Some thoughts on water and climate change
Two weeks ago a minor water crisis hit Pakistan. The flow in rivers fell below agricultural requirements. Then temperatures rose, glaciers melted, and river flows increased threefold, evading a disaster.
“Had the temperatures not increased for another 10-15 days, we wouldn’t have been able to give the required amount of water to the provinces,” said Mohammad Khalid Rana, the Indus Water Regulatory Authority spokesman.
That would have meant a delay in planting crops like cotton, sugarcane, and rice.
The fluctuation in river flows, blamed mostly on climate change, was not unprecedented. Nor was it unexpected. Yet its solution does not appear to be in the works, for the near future.

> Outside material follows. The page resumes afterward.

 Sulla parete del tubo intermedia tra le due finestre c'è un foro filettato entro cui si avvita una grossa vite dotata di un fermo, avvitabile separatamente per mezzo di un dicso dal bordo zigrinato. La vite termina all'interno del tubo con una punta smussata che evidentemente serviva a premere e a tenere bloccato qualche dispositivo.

Those are the first four paragraphs of an article posted today at Voice of America’s website. Over the past few years, I have been hearing a lot about water and climate change and how this is going to be a big topic because of the potential for starvation, ethnic and geographic conflict, and massive migration flows. Water is a core resource that people will fight for. So if its supply becomes much more unpredictable, it means water is a topic that will mater. Therefore, I intend to start following this topic at Credit Writedowns
The VoA article says that Pakistan was water-rich at the time it became independent. But huge population growth has cut renewable water per capita by 80%. This is in a nuclear-armed country, often at odds with another nuclear-armed neighbour. So clearly, dealing with the water problem is of vital concern.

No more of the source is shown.